Private First Class Pollock was a bit of a fuck-up. Despite having loving, attentive parents, Pollock always managed to find the wrong crowd. In high school he bullied freshman and mouthed off to teachers. His friends laughed and encouraged him and provided the necessary social feedback to encourage Pollack to new levels of douchery. The principal finally expelled Pollack when he brought a butterfly knife to school and used it to impress girls.
With more free time on his hands than he was accustomed to, Pollack turned to various forms of larceny and amphetamines. He developed a taste for betameth and, during one particularly memorable bender, stole a car and wrapped it around a lamppost.
Pollack had the fortune or misfortune to draw a particularly patriotic judge, who sympathized with the plight of Pollack's upstanding parents. The judge gave Pollack a choice: four years in the UCAS Army or four years in a penitentiary. The food was better in the pen but Pollack guessed there was less shower sex in the Army. He enlisted.
In basic training, Pollack found his calling.
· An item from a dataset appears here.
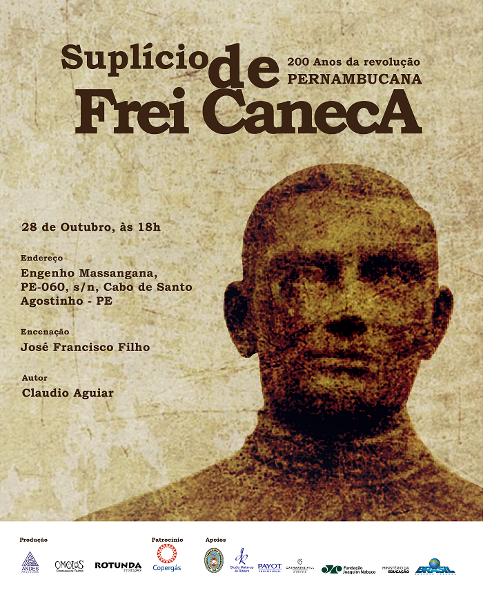 Como parte da comemoração dos 200 anos da Revolução Pernambucano de 1817, o Engenho Massangana vai receber, no dia 28 de outubro, a encenação do espetáculo "O Suplício de Frei Caneca", do diretor José Francisco Filho. Encenada pela primeira vez no anos 1970, a peça é um épico escrito por Cláudio Aguiar, que foca no período que vai do ordenamento até a condenação de Frei Caneca.

The structure suited him, being removed from his bad influences did wonders for his behavior, and he found himself enjoying some of the more exotic labors. During one drill he found himself unexpectedly crawling around on a cold concrete floor in the middle of the night while his drill sergeant fired off magazine after magazine of blanks into the room. Despite the noise and the discomfort and a banging headache, Pollack actually found himself grinning at the absurdity of it all. Plus there was the prospect that if he got his GED, made E-5, and stayed squared away then he could qualify to be a drill sergeant and be a professional bully. That was something worth working toward.
For the first time in his life, PFC's parents were proud of him. Making it to E-3 had qualified him for aluminum bone lacing, which - he realized in an unguarded moment of self-reflection - made him proud of himself. The Army gave him a vision and the Army was showing him the way.
PFC Pollack's next step is to make it to E-4, and that's how he finds himself running around outside in a blizzard with an SMG and a growing sense that this isn't actually an elaborate drill. The point is brought home when Swoopy tackles him by the knees and starts pawing around for a knife.
Pollack doesn't have much experience sticking his knife in people, but his wayward youth and idle time with his butterfly knife pays off when he beats Swoopy to the stab by producing his own knife in record time and plunging it into the other man. Hey, this isn't too hard! I can do this! PFC Pollack thinks to himself as he envisions and medal and a promotion.
The first rule of knife fighting is, "Don't get into a knife fight with someone better than you." So far so good, as Pollack's training is fresh while Swoopy's is rusty. The second rule is, "Don't get into a knife fight with more than one person at a time." In Pollack's defense, it was Swoopy who attacked him, not the other way around, and Pollack certainly didn't expressly invite SSG Danyes over to stomp him in the head a few times, but that's what happens anyway. The helmet and the bone lacing keep the trauma to a minimum, but his brain bouncing around his aluminum skull does buy Swoopy a precious moment to stick his combat knife where the sun don't shine, and then to do it again for good measure.
The stabbing doesn't hurt, per se, which could be due to the freezing temperatures, or Pollack's adrenaline, or the sharpness of knife. Pollack feels a certain wetness, which is annoying given the weather, and strange sensation that he likeness to a hose losing pressure unexpectedly. Unfortunately the hoses in question are his internal iliac arteries. Pollack finds himself being unceremoniously flipped onto his back by Swoopy, who staggers to his feet with a hand pressed over his own wound.
It's so pretty, Pollack thinks, looking up at snow falling through the trees as the gunshots and fireworks slowly fade into the background. Pollack is so tired, which is normal because it's the middle of the night and he had a long day and struggling with another man for a knife is exhausting. He feels cold for a moment but the sensation dims and is replaced by a sense of his muscles relaxing. It would be so, so easy just to close his eyes and go to sleep, so he does. Pollack settles himself into the soft snow, lets his eyelids slowly drift down, and then says good night.